An argument of 'it exists because it exists' is no more compelling (logically speaking) than to say 'it exists because God created it.' They are logically equal, because they are both logically flawed. They are unproven assertions.

On the other hand, the argument I've presented above demonstrates, through what I believe is fairly compelling logic, that things must have a cause. Unless and until it could be demonstrated that thing 'x' (time, energy, etc.) exist with no cause whatsoever (i.e., we've eliminated every single natural cause), even THEN we could not say, 'there was NO cause,' but only 'there is no KNOWN cause.'

Is there a third option? Let's see:

a). No cause.
b). Cause.
c). It just exists because it exists.

Option 'a' cannot be proven using science. Option 'c' cannot be proven using science. That leaves us with option 'b.' Remember, my yardstick here is that, for a thing to be knowable/known (true), there must be empirical evidence and/or repeatable tests demonstrating it.

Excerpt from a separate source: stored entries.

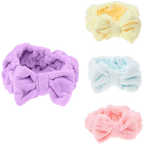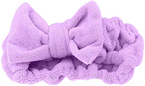 Inzopo - Fascia elastica per capelli, con fiocco, per trucco, spa, doccia, colore viola
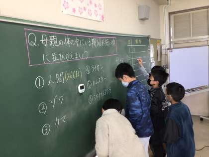 動物の生まれる順番について考えました。生まれる数や寿命など、いろいろな要因で生まれるまでの期間が変わることを学びました。
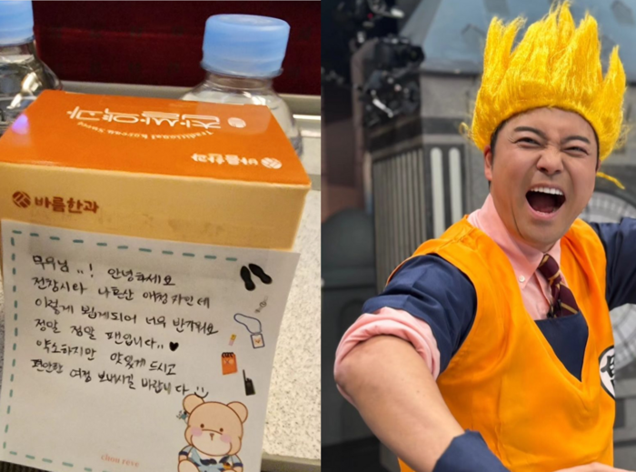 첫 번째 사진 속에는 선물로 받은 간식이 기차 테이블에 놓여있다. 간식 상자에 붙어있는 편지에는 “무무님..! 안녕하세요. 전참시와 나혼산 애청자인데 이렇게 뵙게 되어 너무 반가워요. 정말 정말 팬입니다..♥ 약소하지만 맛있게 드시고 편안한 여정 보내시길 바랍니다”라고 적혀있다.
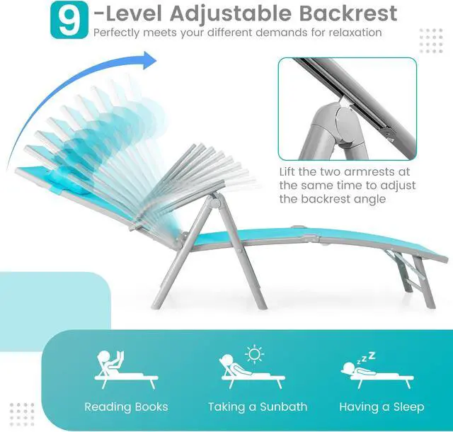 9-Level Adjustable Backrest: The backrest of the chaise lounge features 9-level adjustment, which perfectly meets your different demands for relaxation. And the operation is quite simple, you just need to lift the two armrests at the same time to adjust the backrest angle.
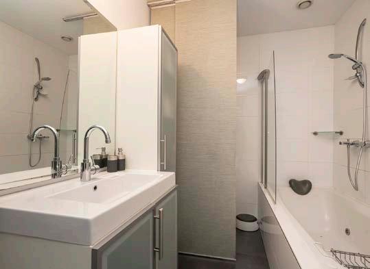 De ruime badkamer is een wellness-ervaring op zich, met vloerverwarming, een lig(bubbel)bad/ douche combinatie, wastafelmeubel en een wandcloset. De wasmachine-aansluiting en de inbouwkast met Warmte Terugwin installatie voegen extra gemak en efficiëntie toe aan je dagelijkse routine.

You've shown me things I never knew before about energy. I had no idea, for instance, that energy has existed for all time, or that energy is never destroyed, or that without time, nothing else could exist.

There are repeatable tests demonstrating this fact. I love this, because I learned something new about science.

But I am arguing that there must be a cause to every thing; absent evidence to the contrary, that is the only position I can take.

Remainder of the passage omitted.